# Problem description:
Every line of the data should be written out exactly, with the pictures left out.

# Data supplied:
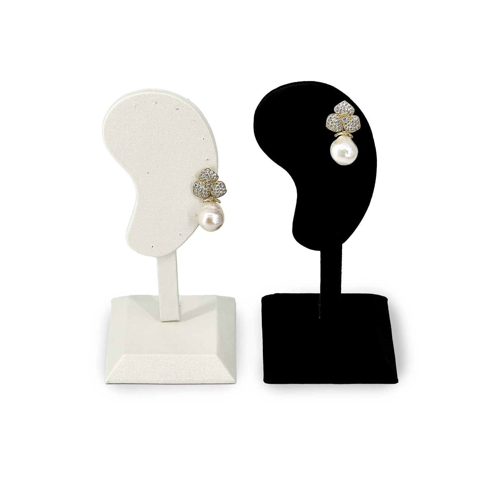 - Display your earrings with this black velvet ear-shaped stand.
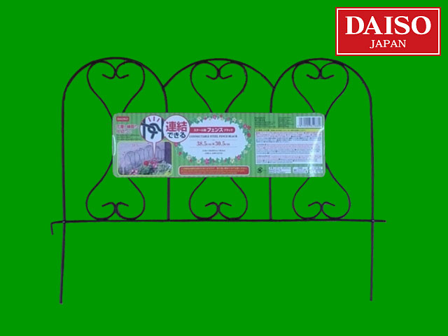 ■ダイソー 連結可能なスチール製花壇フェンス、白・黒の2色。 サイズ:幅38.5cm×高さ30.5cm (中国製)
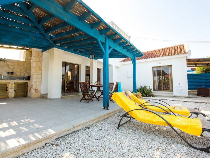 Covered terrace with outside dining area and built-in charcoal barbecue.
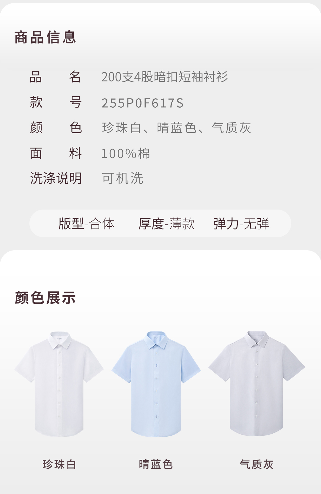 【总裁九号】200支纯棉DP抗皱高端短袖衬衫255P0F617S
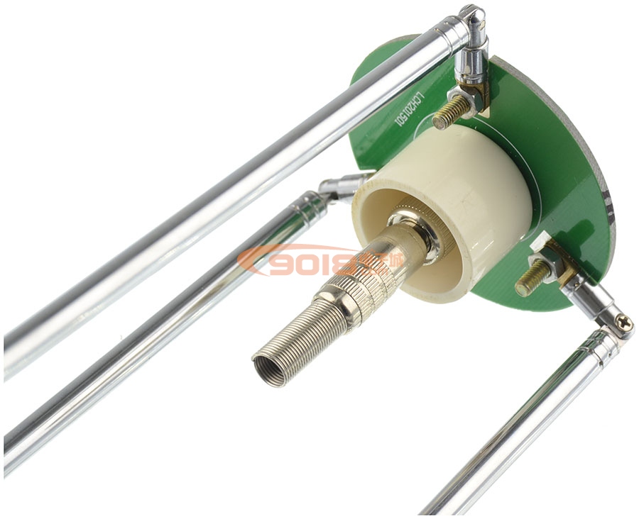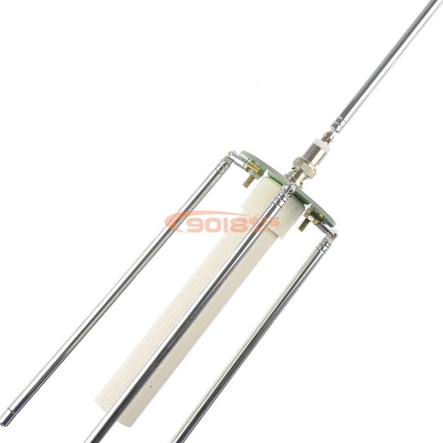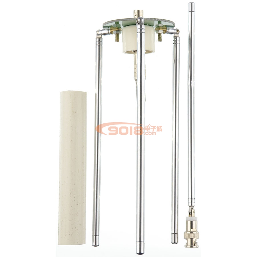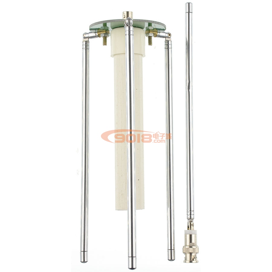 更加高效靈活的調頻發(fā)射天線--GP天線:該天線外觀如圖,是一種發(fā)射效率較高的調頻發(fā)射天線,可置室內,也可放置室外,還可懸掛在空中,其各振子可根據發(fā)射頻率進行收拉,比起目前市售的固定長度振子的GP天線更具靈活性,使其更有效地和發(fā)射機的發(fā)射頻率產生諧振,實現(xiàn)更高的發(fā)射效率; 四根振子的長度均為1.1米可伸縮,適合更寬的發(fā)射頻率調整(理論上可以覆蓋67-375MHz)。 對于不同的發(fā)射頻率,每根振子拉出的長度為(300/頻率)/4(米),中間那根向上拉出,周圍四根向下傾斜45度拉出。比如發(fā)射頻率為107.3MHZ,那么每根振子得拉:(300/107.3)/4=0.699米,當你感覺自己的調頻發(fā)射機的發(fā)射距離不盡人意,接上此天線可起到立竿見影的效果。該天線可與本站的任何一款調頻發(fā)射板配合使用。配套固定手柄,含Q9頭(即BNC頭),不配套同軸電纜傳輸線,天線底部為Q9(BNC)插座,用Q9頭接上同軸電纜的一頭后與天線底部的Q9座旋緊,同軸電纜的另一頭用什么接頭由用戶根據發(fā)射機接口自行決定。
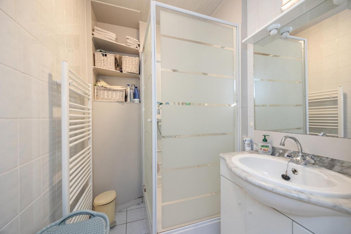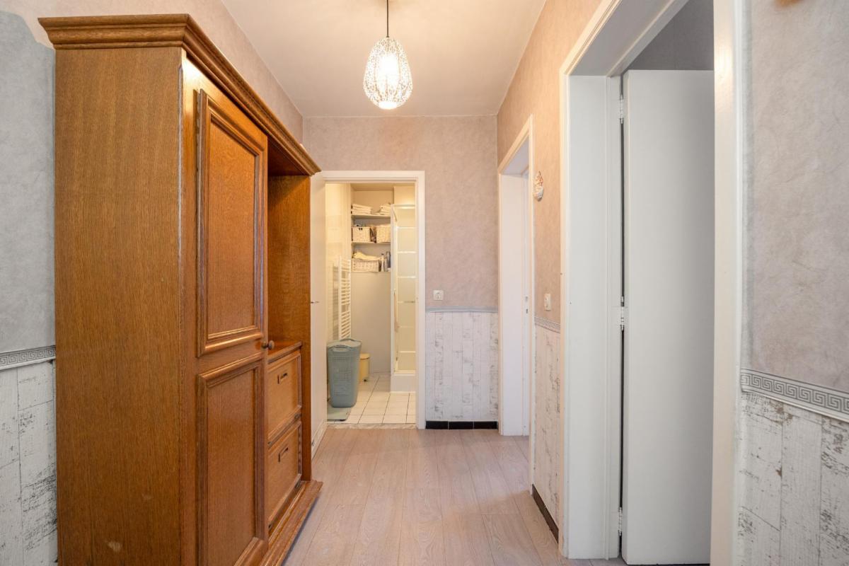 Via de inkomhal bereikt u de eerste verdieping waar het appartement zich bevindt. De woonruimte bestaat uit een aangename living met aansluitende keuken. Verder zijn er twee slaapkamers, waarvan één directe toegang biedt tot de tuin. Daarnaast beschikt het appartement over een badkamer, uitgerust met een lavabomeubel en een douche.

# Expected answer:
 - Display your earrings with this black velvet ear-shaped stand.
 ■ダイソー 連結可能なスチール製花壇フェンス、白・黒の2色。 サイズ:幅38.5cm×高さ30.5cm (中国製)
 Covered terrace with outside dining area and built-in charcoal barbecue.
 【总裁九号】200支纯棉DP抗皱高端短袖衬衫255P0F617S
 更加高效靈活的調頻發(fā)射天線--GP天線:該天線外觀如圖,是一種發(fā)射效率較高的調頻發(fā)射天線,可置室內,也可放置室外,還可懸掛在空中,其各振子可根據發(fā)射頻率進行收拉,比起目前市售的固定長度振子的GP天線更具靈活性,使其更有效地和發(fā)射機的發(fā)射頻率產生諧振,實現(xiàn)更高的發(fā)射效率; 四根振子的長度均為1.1米可伸縮,適合更寬的發(fā)射頻率調整(理論上可以覆蓋67-375MHz)。 對于不同的發(fā)射頻率,每根振子拉出的長度為(300/頻率)/4(米),中間那根向上拉出,周圍四根向下傾斜45度拉出。比如發(fā)射頻率為107.3MHZ,那么每根振子得拉:(300/107.3)/4=0.699米,當你感覺自己的調頻發(fā)射機的發(fā)射距離不盡人意,接上此天線可起到立竿見影的效果。該天線可與本站的任何一款調頻發(fā)射板配合使用。配套固定手柄,含Q9頭(即BNC頭),不配套同軸電纜傳輸線,天線底部為Q9(BNC)插座,用Q9頭接上同軸電纜的一頭后與天線底部的Q9座旋緊,同軸電纜的另一頭用什么接頭由用戶根據發(fā)射機接口自行決定。
 Via de inkomhal bereikt u de eerste verdieping waar het appartement zich bevindt. De woonruimte bestaat uit een aangename living met aansluitende keuken. Verder zijn er twee slaapkamers, waarvan één directe toegang biedt tot de tuin. Daarnaast beschikt het appartement over een badkamer, uitgerust met een lavabomeubel en een douche.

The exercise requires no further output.